A third is that self-control can be adjusted adaptively according to its costs and benefits in the local environment. Self-control, after all, is not an unmitigated good. The problem with having too much self-control is that an aggressor can use it to his advantage, anticipating that you may hold back from retaliating because it’s too late to do any good. But if he had reason to believe that you would lash out reflexively, consequences be damned, he might treat you with more respect in the first place. In that case people might adjust a self-control slider according to the dangerousness of those around them.
At this point in the story, the theory of the Civilizing Process is incomplete, because it appeals to a process that is endogenous to the phenomenon it is trying to explain. A decline in violent behavior, it says, coincided with a decline in impulsiveness, honor, sexual license, incivility, and boorishness at the dinner table. But this just entangles us in a web of psychological processes. It hardly counts as an explanation to say that people behaved less violently because they learned to inhibit their violent impulses. Nor can we feel confident that people’s impulsiveness changed first and that a reduction in violence was the result, rather than the other way around.

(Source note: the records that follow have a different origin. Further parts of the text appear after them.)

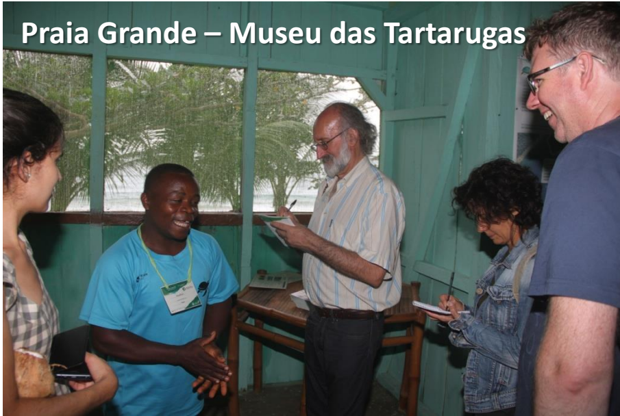
Praia Grande – Museu das Tartarugas
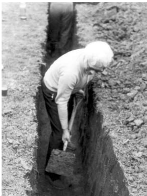
Parroquia de Cristo Obrero en Buenos Aires (arriba).

Cavando una zanja para los cimientos de la parroquia Cristo Obrero en Buenos Aires (abajo).
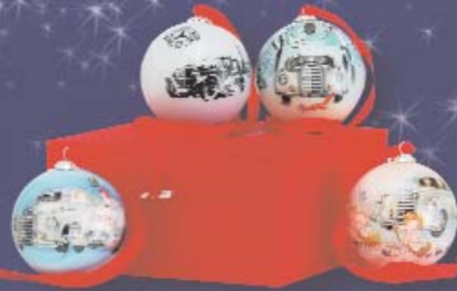
Mercedes-Benz Classic Weihnachtskugel-Set 2007, 4 Stück, handbemalt EUR 20,00
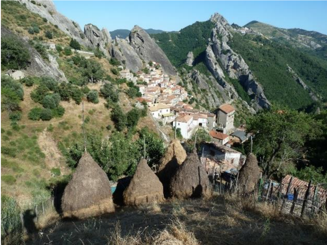
Fig. 1 - La dorsale arenacea della Zona Speciale di Conservazione “Dolomiti di Pietrapertosa” ripresa da Nord-Ovest con l’abitato di Castelmezzano in primo piano e Pietrapertosa sullo sfondo.

di Consiglio Direttivo n. 63 dell’11 settembre 2019.
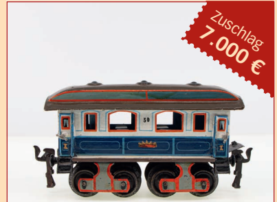
Losnr. 30128 Spur 0 Speisewagen des Kaiserzugs 7.000 € (7.000 € für den Einlieferer)
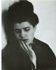
Tina Modotti, Autoportrait , 1922

Émigrante italienne, communiste, modèle, photographe, clandestine, brûlante méditerranéenne, compagne d'Edward Weston, agent soviétique, femme fatale, muse d'hommes, révolutionnaire ? La vie de Tina a fait l'objet de nombreuses expositions monographiques, de catalogues et de reconstructions romancées. Sa vie sensationnelle a un peu occulté sa photographie. Deux points sont à souligner : une vie faite d'exils, de voyages et d'errances et la brièveté de la carrière de photographe scindée en deux périodes, l'une dite formaliste et l'autre dite engagée.
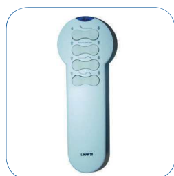
Comando à distância por infravermelhos (opcional).
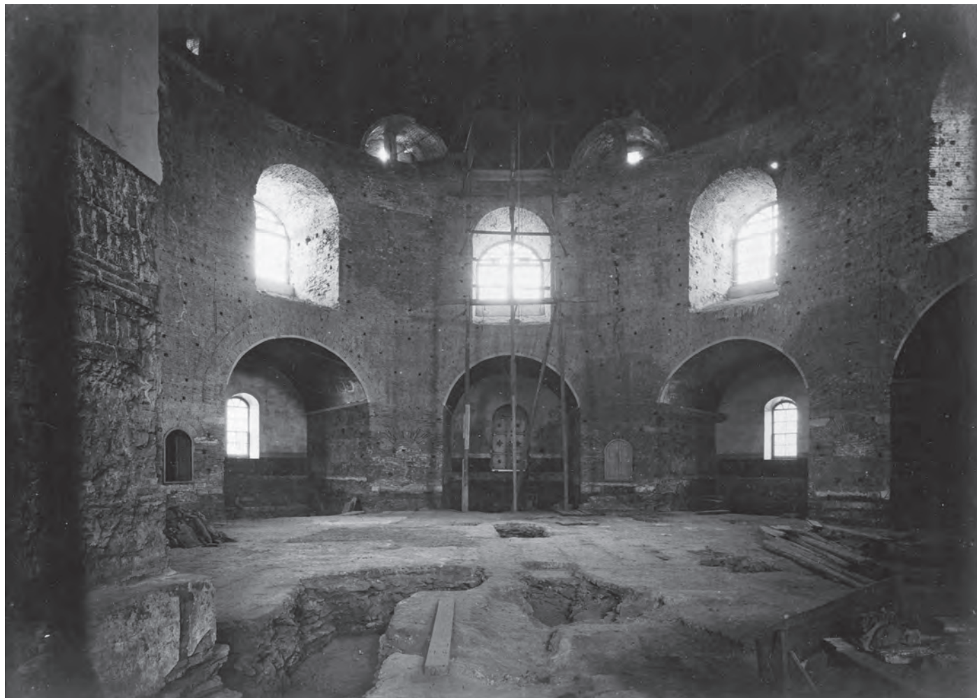
Fig. 5. The excavation trench between the eastern niches and the circular core of the Rotunda, which was given the form of a subterranean chamber after the excavation.
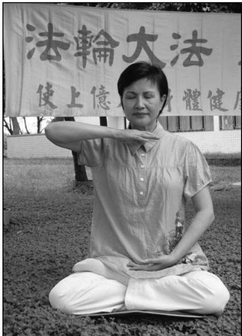
图：修炼法轮功的廖女士神清气爽，很难让人相信她已经六十三岁了。

己的修炼状态不稳，或讲真相遇到瓶颈，她会看明慧网上大法弟子的修炼体会，常常就会看到和自己状态相似的心得，就在这样无声的交流平台中，她很快找到问题症结，又回复到修炼人该有的精神风范。她说：“没有明慧网，我无法做的很好。”
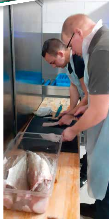
Kabeljauschlachten einen Tag vorm Dorschball.

Einige kleinere Aktivitäten für die Vereinsmitglieder sind geplant, z.B. eine Unterweisung in Fischfiletieren, Räuchern etc. Am 08.07.23 ist wieder ein Fischerfest geplant, zugesagt haben bereits Shantychor und Livemusik, es gibt natürlich wieder Fisch und andere Nahrungsmittel in fester und flüs-
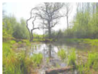
Biotop Mardelle Schwefelspfuhl im Medelsheimer Klosterwald

Der Zweckverband „Saar-Blies-Gau/Auf der Lohe“ lädt für Mittwoch, 14. September , ein, die faszinierende Landschaft des Bliesgaus kennen zu lernen.
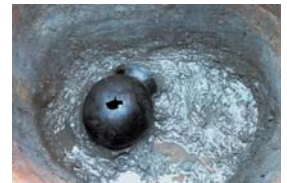
曾我遺跡 土師器甕出土状況(北から)
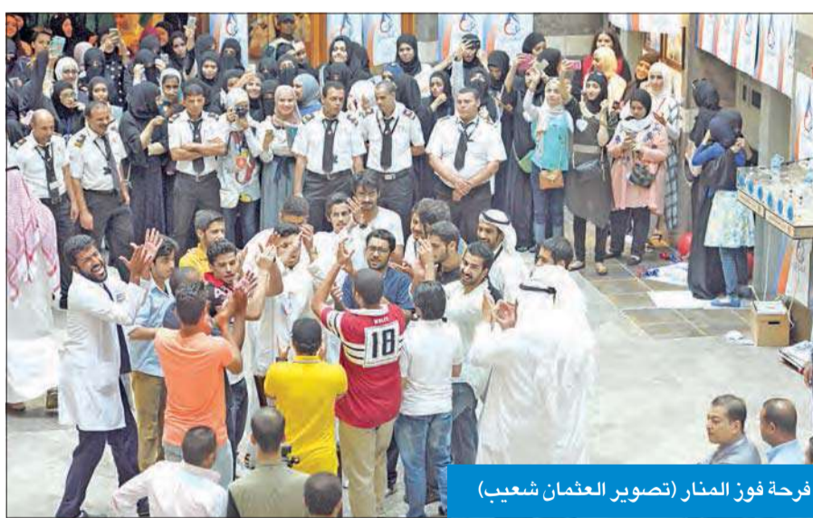
فرحة فوز المنار
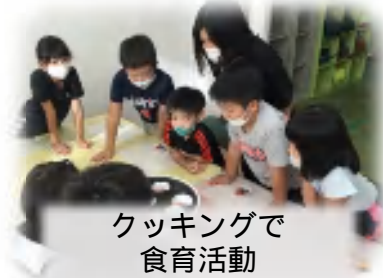
クッキングで 食育活動
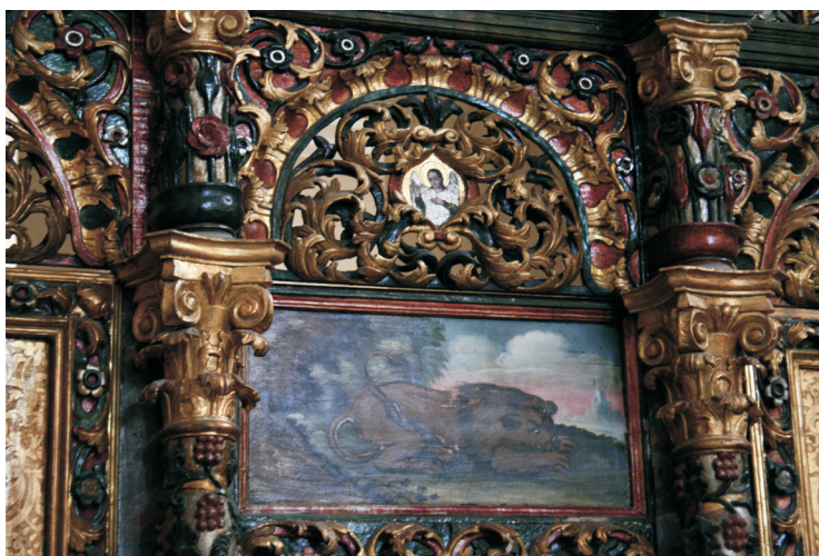
Figure 10. Le lion protecteur, sur l'iconostase de l'Eglise épiscopale de Balázsfalva
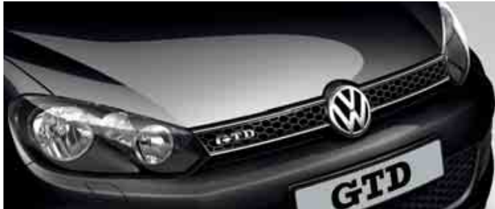
Nero Vernice monostrato A1
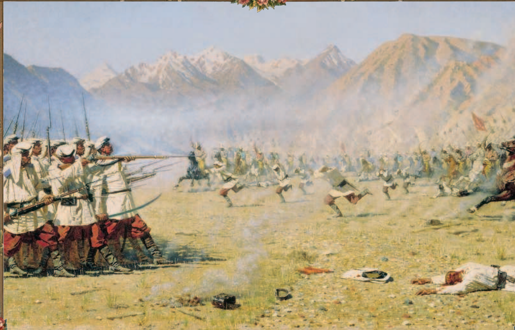
В. В. Верещагин. «Нападают врасплох». 1871 г.
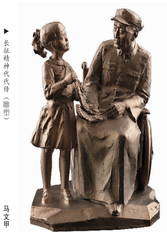
▶ 长征精神代代传（雕塑）
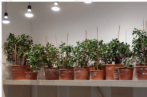
Jean-Louis Boissier « Crassula ubiquiste », Exposition Media Medium (2014)

「伝統と革新」を象徴する野心的空間・瑞雲庵において、世代・表現領域の異なる6人の日仏アーティストが、アートをつうじてエコロジーを問う。
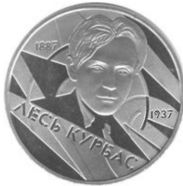
монета (coin) на якій зображений Лесь Курбас
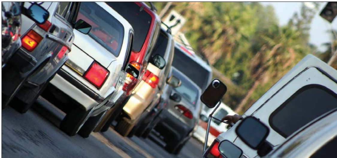
Повышенная зависимость от личного автотранспорта становится основным источником выбросов ПГ в городах.
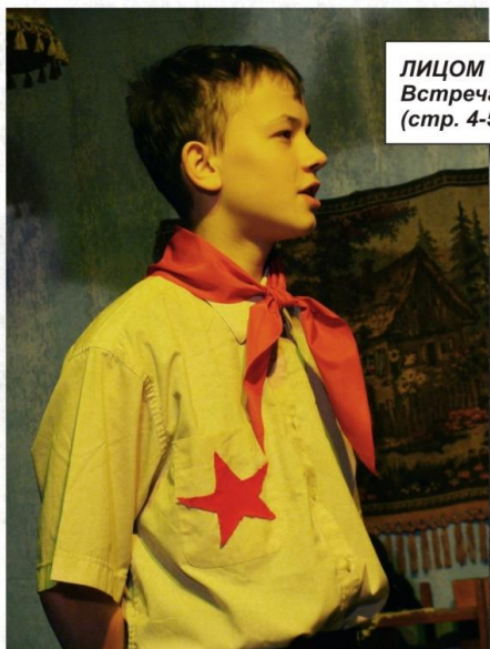
ЛИЦОМ К ЛИЦУ: Встреча с Героем (стр. 4-5)
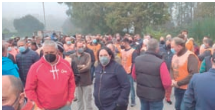
Imaxe dunha das concentracións ante as lácteas

sumidoras coñezan os abusos e ilegalidades que hai detrás das marcas que mercan”, din.
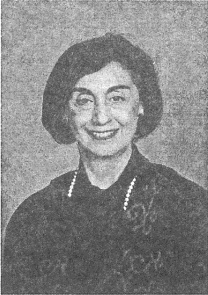
Domnul este fidel zi de zi
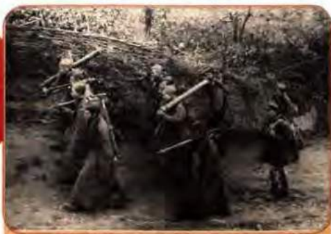
Мінометники 1-го Українського фронту переходять на нову позицію. Букринський плацдарм. 1943 р.

денний фронти відповідно в 1-й, 2-й, 3-й, 4-й Українські фронти.
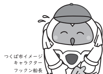
つくば市イメージキャラクター フックン船長
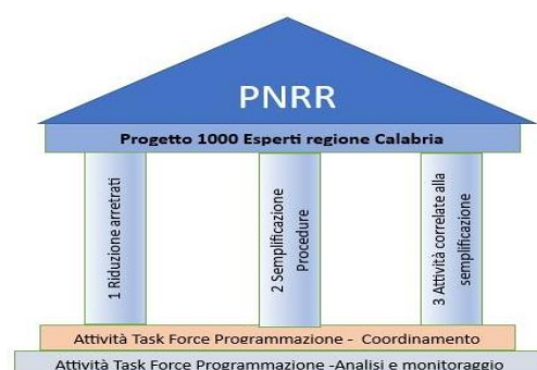
Fig. 1 I tre Pilastri del "Progetto 1000 Esperti"

Ciascun Pilastro è stato concepito tenendo conto dei target regionali definiti dal Piano territoriale, in particolare tenuto conto della scadenza intermedia prevista proprio a dicembre 2023 e la scadenza finale prevista per giugno 2025.
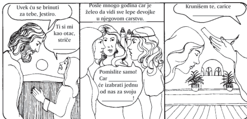
Manasija, Mardoheju, Miheju

Izaberi tačnu reč ispod slike i popuni praznine u stripu.
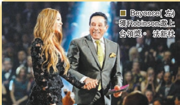
■ Beyonce(左)獲Robinson邀上台領獎。
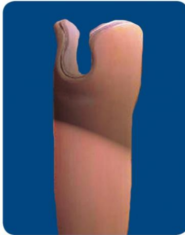
Annexe 6 : Locking Knee (Össur), genou à verrou monoaxial
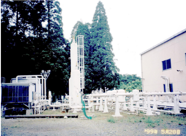
第8図 成東ガス田第1プラントのセパレーター 右手の建物の中にはコンプレッサーがあります。

第1部で、南関東ガス田での生産様式には、大局的に茂原型と通常型という2つのタイプがあることを紹介しましたが、成東ガス田地域では、浅層、深層のどちらで仕上げた場合も、ガス水比が長期間安定して理論ガス水比に近い2~3の低い値を示すいわゆる通常型の産出形態を示すということです。そこで揚水量を確保するために、掘削や仕上げには大口径のパイプを使い(第9図)、揚水動力として水中ポンプを使っているという説明がなされました。この場合の問題は、吸い込んだ砂粒子によるダメージ(ベアリングの摩耗など)、いわゆるサンドトラブルにより水中ポンプがいたみやすいことで、平均すると3~4年で交換しなければならないということでした。使用できなくなった水中ポンプが置いてありましたので、参考までに見せていただいた記憶が残っています。なお現在は、海外製の揚水ポンプを使っており、通常5年以上、場合によっては10年以上交換しなくてもよいということです。この揚水ポンプによってくみ上げられたガスとかん水はセパレーターで分離された後、ガスはコンプレッサーで圧縮されて販売元に送られ、一方のかん水はヨード工場に送られ、そこでヨウ素の濃集・分離が行われるということです。見学が一段落したところで、鉱業所前で記念撮影を行いました(第10図)。帰りのバスは、近くのJR成東駅に寄り希望者に降りていただいた後、JR千葉駅に向かい、午後5時過ぎに到着して解散となりました。
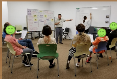
認知行為治療家長小組
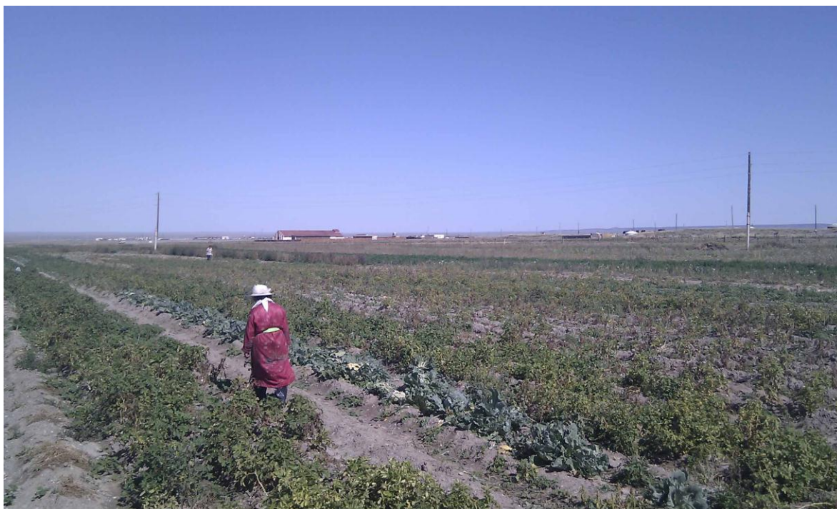
Зураг 9.2: Оюу Толгойн төсөлд хүнсний ногоо нийлүүлдэг Даланзадгад сумын ХАА-н хоршоолол
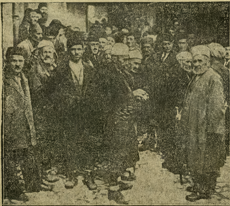
W dniu 8 listopada b. r. odbyły się w Jugosławji wybory do Izby Ustawodawczej. Liczba głosujących na listę narodową, wysuniętą przez rząd, przewyższyła liczbę głosujących wszystkich innych stronnictw, a udział głosujących wynosił przeciętnie w całym kraju 70 proc., dochodząc w niektórych okręgach do 100 proc. Zdjęcie nasze przedstawia grupę wyborców przed biurem wyborczym w Sarajewie.
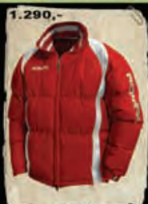
SPARTA - 83
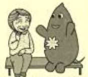
大和市イベントキャラクターヤマトン
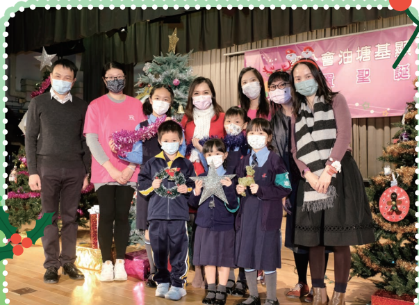
家長代表和我們一同佈置聖誕樹
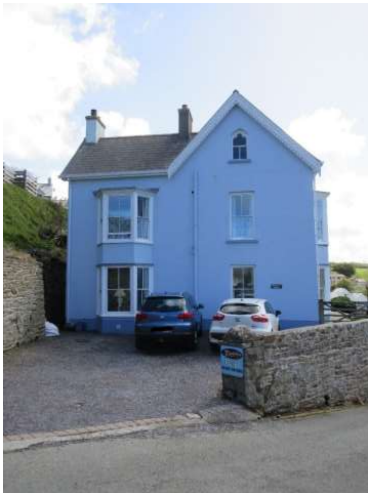
Ffigwr 27 – estyll rhwylllog
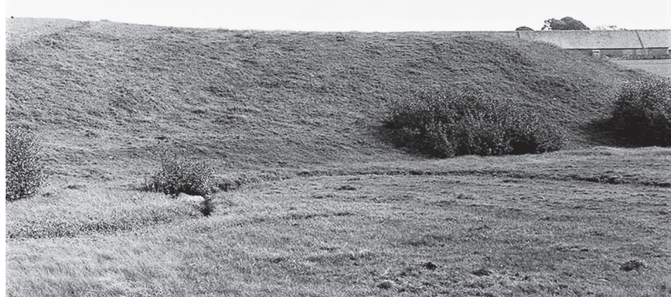
Piliakalnis iš vakarų pusės.

Tuo tarpu ant Marijos kalnelio stovėjusi pilaitė buvusi pagalbinė, naudota kaip pagrindinės (Nukelta į 6 p.)

But Elias did propose an exogenous trigger to get the whole thing started, indeed, two triggers. The first was the consolidation of a genuine Leviathan after centuries of anarchy in Europe’s feudal patchwork of baronies and fiefs. Centralized monarchies gained in strength, brought the warring knights under their control, and extended their tentacles into the outer reaches of their kingdoms. According to the military historian Quincy Wright, Europe had five thousand independent political units (mainly baronies and principalities) in the 15th century, five hundred at the time of the Thirty Years’ War in the early 17th, two hundred at the time of Napoleon in the early 19th, and fewer than thirty in 1953.
The consolidation of political units was in part a natural process of agglomeration in which a moderately powerful warlord swallowed his neighbors and became a still more powerful warlord. But the process was accelerated by what historians call the military revolution: the appearance of gunpowder weapons, standing armies, and other expensive technologies of war that could only be supported by a large bureaucracy and revenue base A guy on a horse with a sword and a ragtag band of peasants was no match for the massed infantry and artillery that a genuine state could put on the battlefield. As the sociologist Charles Tilly put it, “States make war and vice-versa.” 32 Turf battles among knights were a nuisance to the increasingly powerful kings, because regardless of which side prevailed, peasants were killed and productive capacity was destroyed that from the kings’ point of view would be better off stoking their revenues and armies. And once they got into the peace business—“the king’s peace,” as it was called—they had an incentive to do it right.
For a knight to lay down his arms and let the state deter his enemies was a risky move, because his enemies could see it as a sign of weakness. The state had to keep up its end of the bargain, lest everyone lose faith in its peacekeeping powers and resume their raids and vendettas. Feuding among knights and peasants was not just a nuisance but a lost opportunity. During Norman rule in England, some genius recognized the lucrative possibilities in nationalizing justice. For centuries the legal system had treated homicide as a tort: in lieu of vengeance, the victim’s family would demand a payment from the killer’s family, known as blood money or wergild (“manpayment”; the wer is the same prefix as in werewolf, “man-wolf”). King Henry I redefined homicide as an offense against the state and its metonym, the crown. Murder cases were no longer John Doe vs. Richard Roe, but The Crown vs. John Doe (or later, in the United States, The People vs. John Doe or The State of Michigan vs. John Doe).